Not everyone is up for running the Boston Marathon, but entering races has become an increasingly favorite pastime for many Americans, especially when the organization hosting the race makes it fun. Running through the gauntlet of spectators throwing paint on participants (the Color Run) is one variation on the theme, and the 5k Foam Fest – where runners wade through waist-high fields of foam, army-crawl through mud pits, climb mass walls and fly down slip n’ slides– is another. But this year, Round House Racing canceled their Foam Fest at the last minute, inciting dismay and anger from race participants who had already paid and registered to run the race, according to this article in Salt Lake City’s Fox13Now online news source.

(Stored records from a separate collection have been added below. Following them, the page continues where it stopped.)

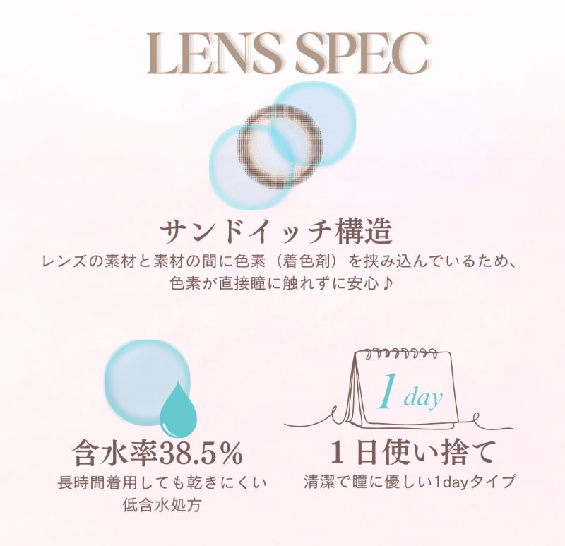 他の画像を見る 【即日発送OK♪】 meilly メイリー シフォンピンク(1箱10枚入り) 送料無料 即日発送 ネコポス ナチュラル 色素薄い系 ブラウン ピンク DIA14.2mm 着色直径13.3㎜ BC8.7mm 含水率38.5% フチあり 販売価格 ¥ 1,760 税込 カートに入れる お気に入りに登録する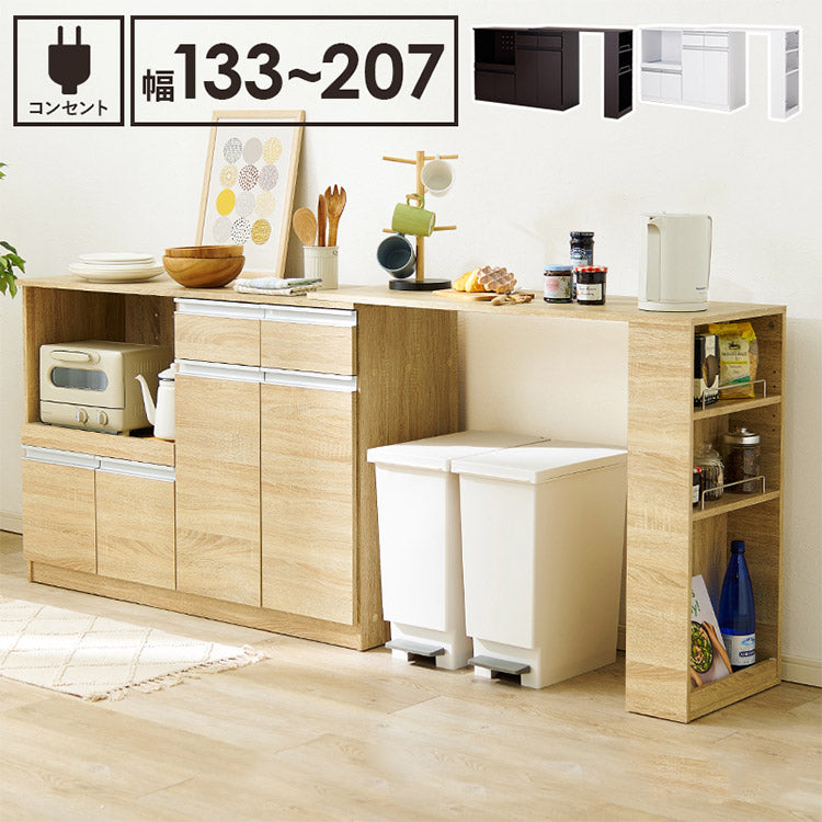 伸縮キッチンカウンター 2点セット 幅133~207 2口コンセント スライド棚 引出し 扉収納 キッチン収納 キャビネット 食器棚 レンジ台 レンジボード ごみ箱上ラック ゴミ箱上ラック おしゃれ(代引不可)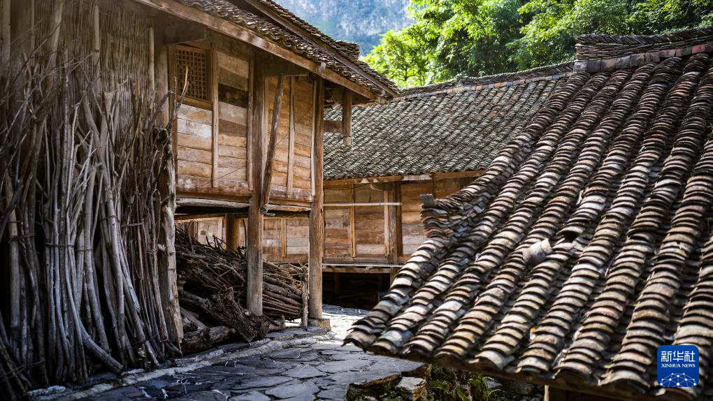 天门村大寨组传统布依族木瓦结构吊脚楼一隅(7月16日摄)。新华社记者 陶亮 摄

Facing formal complaints by several of the runners, it may behoove the organization to team up with a business bankruptcy attorney in Utah, and quick.

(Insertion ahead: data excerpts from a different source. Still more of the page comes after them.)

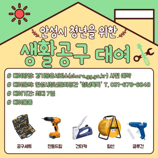 대여 물품은 전동 드릴, 공구세트, 건타카, 글루건, 릴선 등의 생활공구로, 대여 기간은 최대 7일이다. 안성시 생활권을 둔 19~39세 청년이면 '경기공유서비스' 홈페이지를 통해 사전신청한 후 안성시청년문화공간 ‘청년톡톡’을 방문하면 된다.
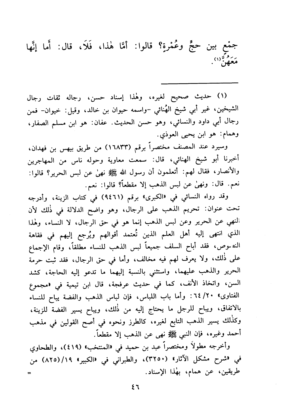 جَمْعٍ بَيْنَ حَجٍّ وَعُمْرَةٍ؟ " قَالُوا: أَمَّا هَذَا، فَلَا، قَالَ: أَمَا إِنَّهَا مَعَهُنَّ (١)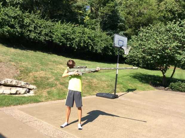 que quería hacer algo con mi hermano, y qué mejor que para hacer que una réplica de uno de los más cool buscando armas en Halo? Todo lo que necesitas son algunos 2x4s, algún tipo de pequeño cono, tubo circular 3/4 pulgada de ancho, un palillo y pintu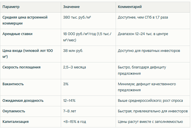 - Аренда: до 150–160 тыс. руб./м²/год (12,5–13,3 тыс./м²/мес)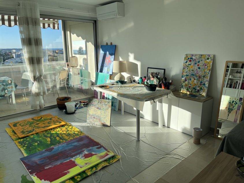 Je vois le monde qui m’entoure comme une multitude de tableaux, de formes, de couleurs, de mouvements, et de ce regard naît la création de ma propre toile quand je suis dans mon atelier.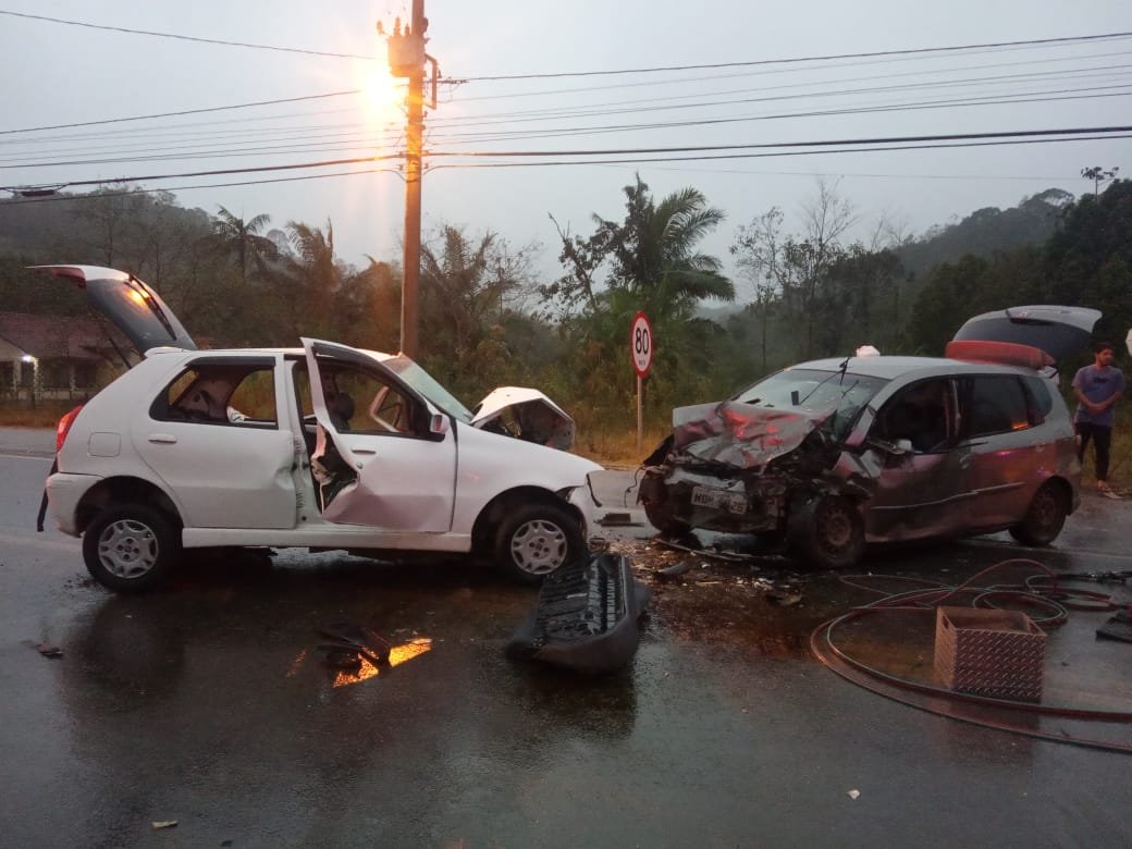 A colisão frontal envolveu um Fiat Palio Fire, que trafegava no sentido Pomerode, e um veículo Honda Fit, que estava no lado contrário. O Fiat invadiu a pista e bateu contra o Honda Fit.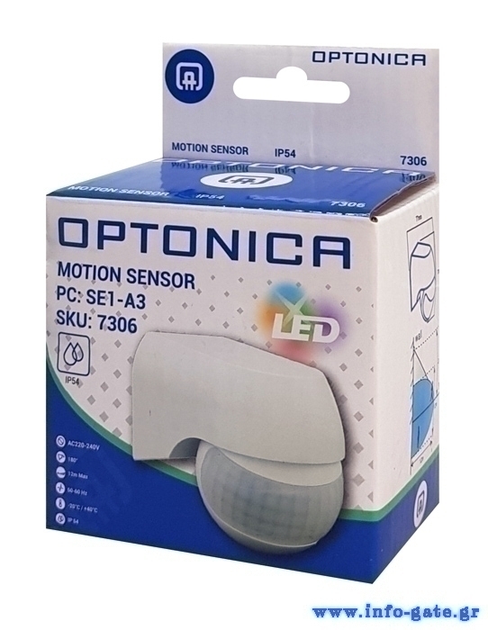 Αισθητήρας κίνησης PIR της Optonica, ειδικά σχεδιασμένος για χρήση με λάμπες LED. Εντοπίζει κίνηση με ανίχνευση σε γωνία 180° και εμβέλεια έως 12m. Είναι κατασκευασμένος από ανθεκτικό πλαστικό και αλουμίνιο με προστασία IP54.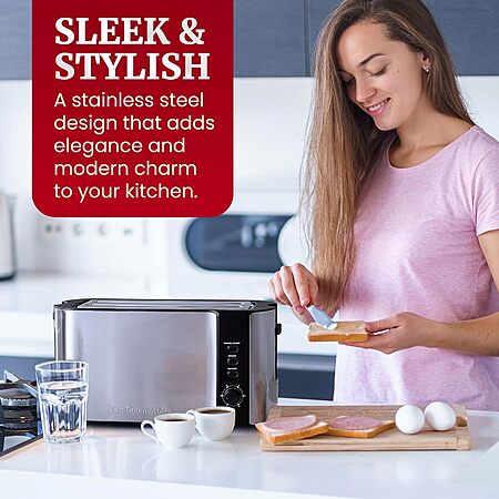 Model: Elite Gourmet ECT-3100 Long Slot 4 Slice Toaster, Reheat, 6 Toast Settings, Defrost, Cancel Functions, Built-in Warming Rack, Extra Wide Slots for Bagels & Waffles, Stainless Steel & Black

The 5k Foam Fest wasn’t a local event—with several simultaneous races scheduled to start in multiple U.S. cities, the disappointment and outrage at Round House Racing’s bankruptcy declaration can be felt across the nation. Based in Spanish Fork, the company and its owner David Ballard have all but vanished. Ballard declined to participate in an interview, according to Fox13 News, but reported over the phone that “there weren’t enough people registering for the races to outweigh the cost of doing the events.” A business bankruptcy attorney in Utah might affirm that this situation is common to companies shutting down and closing shop, but is it what happened to Round House Racing? As of July 17, the 5k Foam Fest was discontinued, according to the notice on their website, but the abrupt way in which the company shut its doors without refunding customer payments is what has the complaints rolling in.

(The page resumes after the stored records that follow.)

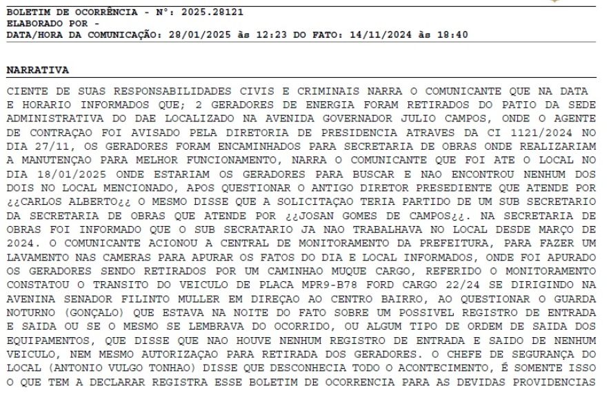 O sexto boletim acessado pela reportagem, registrado no dia 28 de janeiro, denunciou o desaparecimento de dois geradores de energia que estavam na sede administrativa do departamento.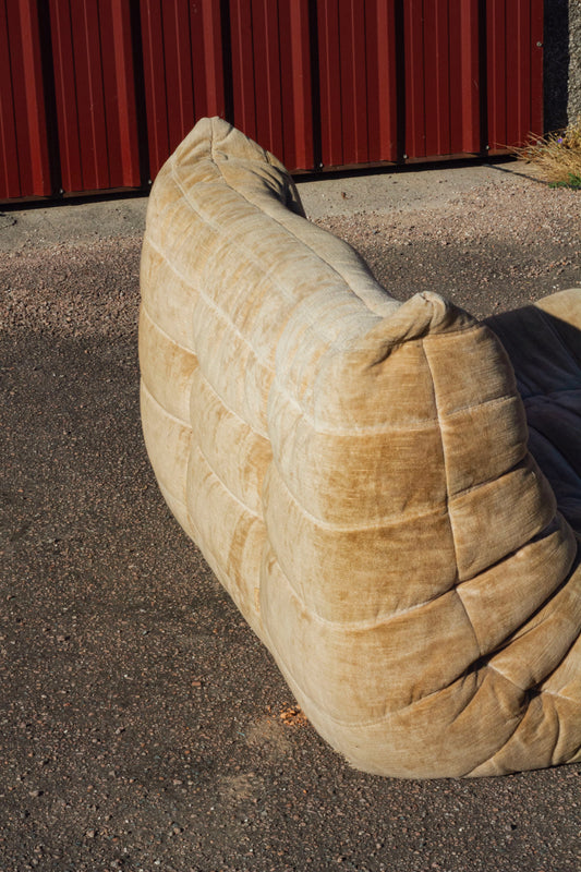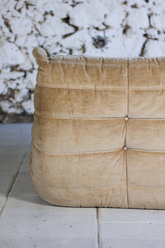 Canapé Togo 2 places en velours beige par Michel Ducaroy, LIGNE ROSET, 1973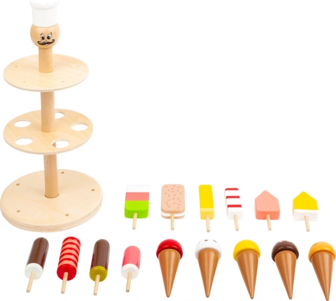 - Dřevěný zmrzlinový stojan s výběrem zmrzlinových dílků (kopečky a nanuky)

A business bankruptcy attorney in Utah like Clay A. Alger might warn Ballard and the now non-existent Round House Racing to be cautious at this juncture: canceling the events just days before they were scheduled in 44 cities across the U.S. for thousands of prospective participants who had already paid is a situation ripe for trouble. Ballard maintains that there is no money to refund, because the money isn’t there. “The race season has really bottomed out and we are being forced to close our doors,” Ballard wrote in an email to his landlord the day before the events were canceled. An apology on the 5k Foam Fest website, to customers who prepaid up to $100, stated that the company “no longer has staff or funds, and will not be able to respond to individual emails or phone calls.”
Though “Utah consumer officials can neither confirm nor deny whether an investigation into Round House Racing is underway, they say they’re getting calls from the public.” An angry public that is heading to the Utah Division of Consumer Protection and other consumer advocacy companies should signal to the now insolvent company that a business bankruptcy attorney in Utah may be a good choice in going forward in terms of protecting assets of affiliates and owners. Meanwhile, the Better Business Bureau “has put an alert on its website warning consumers” that no refunds—full or partial—are available from Round House.